Construction workshop of a luminous bamboo structure
Article by Emilio Antoniol, published on OFFICINA* 21 | April – June 2018
For years, the design studio Architetture Precarie, based in Castello, Venice, deals with installations, workshops and temporary installations defined as “rural”. In fact, the attention to the use of natural materials such as straw, hay, wood or recycled materials has always been at the base of the recreational-training projects developed by Alessandro Zorzetto, the founding architect of the studio, and Francesca Modolo. On several occasions, Architecure Precarie has demonstrated its ability to respond to different needs, starting from a design idea and bringing it to realization by analyzing and exploiting each time the different formal, environmental or economic features linked to the project.
The challenge launched in the weekend of 6, 7 and 8 April in Venice, at the Tesa 105 of the Arsenale Nord, however, has a different flavor. If the methods of organization are the usual consolidated by the work team, the contour elements are rather original starting from the place. The workshop took place in the historic Arsenal of Venice and the resulting work was installed in the atrium of the Tesa 105 where it will remain open until the beginning of June.
This choice has forced the designers to reflect on the relationship that is established between the object developed during the workshop and the existing building, both on a formal and technical level, evaluating for example loads, spaces, connections and supports as well as modalities suspension of the work. In fact, from the first project design ideas of Architetture Precarie it was the realization of a suspended luminous object, whose lightness could occupy without obstructing the space of the tesa that develops in a vertical direction.
It was a group choral action, carried out in a public space and with the participation of local authorities
Even more original is the choice of material with which to make the work: the bamboo. This is linked to the collaboration with Giacomo Mencarini, founder of the international network Natural Born Builders as a builder of houses in wood & straw but also founder and former partner of Bambuseto, company active in Tuscany where there is also its bamboo forest, from which the pipes used during the workshop.
The workshop started on Friday 6 April with a theoretical part aimed at training the participants on the working techniques, the mechanical and functional characteristics of the bamboo and on its possibilities of use in the architectural field. The two following days were instead dedicated to the practical realization of the work in bamboo. It was a group choral action, as Alessandro Zorzetto told us, carried out in a public space and with the participation of the owners of the spaces: Vela, the City of Venice and with the collaboration of the Association of Architects of the province of Venice.

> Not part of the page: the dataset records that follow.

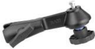
RAM-VB-109-2U RAM SWING ARM WITH SOCKET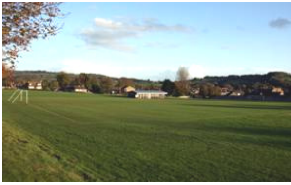
Figure 117: View of Memorial Playing field from northwest.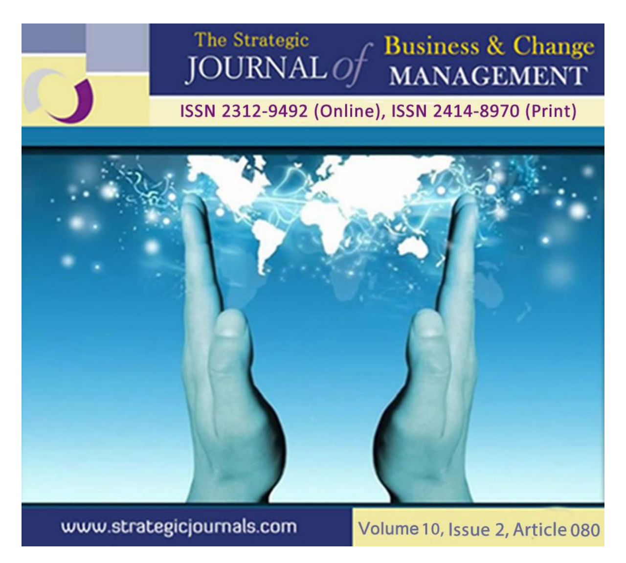
TRAINING AS A SUCCESSION MANAGEMENT TOOL AND PERFORMANCE OF NATIONAL POLICE SERVICE OFFICERS

the workshop took place in the garden of the tesa and in the square in front of the water basin, giving back to the Arsenale the role of forge of production
On the first day, the fifteen participants prepared the main load-bearing structure, a sinuous shaped peg made of marine plywood that was designed, shaped and assembled starting from the panels for the recovery of a nearby installation dismantled by Rebiennale. It was then the turn of the bamboo, whose long pipes of 3-4 years of age were divided into thin bands, very flexible but at the same time resistant.

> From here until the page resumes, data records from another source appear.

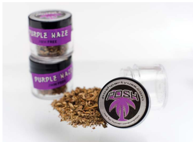
Figure 1. Purple Haze is one of the many herbal incense products containing synthetic cannabinoids

A few years ago, Huffman began receiving phone calls from law enforcement agencies, the military, and panicked parents, a situation that has continued since his retirement at the end of September 2010. The cause of this consternation was JWH-018, one of the cannabinoids Huffman designed and synthesized in his laboratory, because forensic scientists had identified it in herbal mixtures being marketed over the Internet as incense. Rather than using these herbal blends (e.g., Spice Gold, Spice Diamond, Purple Haze, K2, Skunk, and Smoke; see Figure 1) as incense, people were apparently smoking them for their marijuana-like effects (Vardakou, Pistos, & Spiliopoulou, 2010).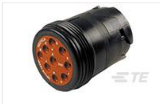
TE Part #HD14-9-1939P REC, 9P, BLK, N, THRD, J1939, TYPE 1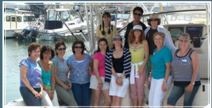
2007 Women Making Waves Seminar

“I remember being the only woman in the exhibit hall during the New York Show in the 1970s and 1980s. Seeing another woman head one of the most popular boat manufactures inspired not just me but others to enjoy boating recreationally and professionally.”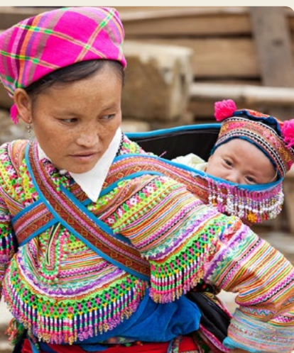
GIL K. SHUTTERSTOCK ©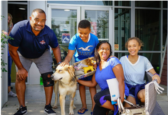
Area families added new members in August at the Tri-City Animal Shelter & Adoption Center Clear the Shelters event. Find your next furry friend at cedarhilltx.com/animalshelter .

This phase took place in the external garden of the tesa and in the square in front of the water basin, restoring for a day the Arsenale’s role of “production forge” that is its own but above all involving the participants in a real impromptu design where every problem or question was answered through experiments and shared actions between teachers and students. The second day instead saw the creation of the shell of the “cloud”, consisting of a grid of bamboo bands joined only by strings in hemp cord and supported internally by a ring structure made of bamboo.
The installation was completed with a non-woven, lightweight, economical and semi-transparent finish to allow the light of the LEDs inside the structure to diffuse in a suffused and homogeneous way in all directions. The final phase of suspension of the artwork, made with thin metal cables connected to small winches, it was the crowning achievement of the three days of teamwork, whose outcome is admirable today in the Arsenale spaces.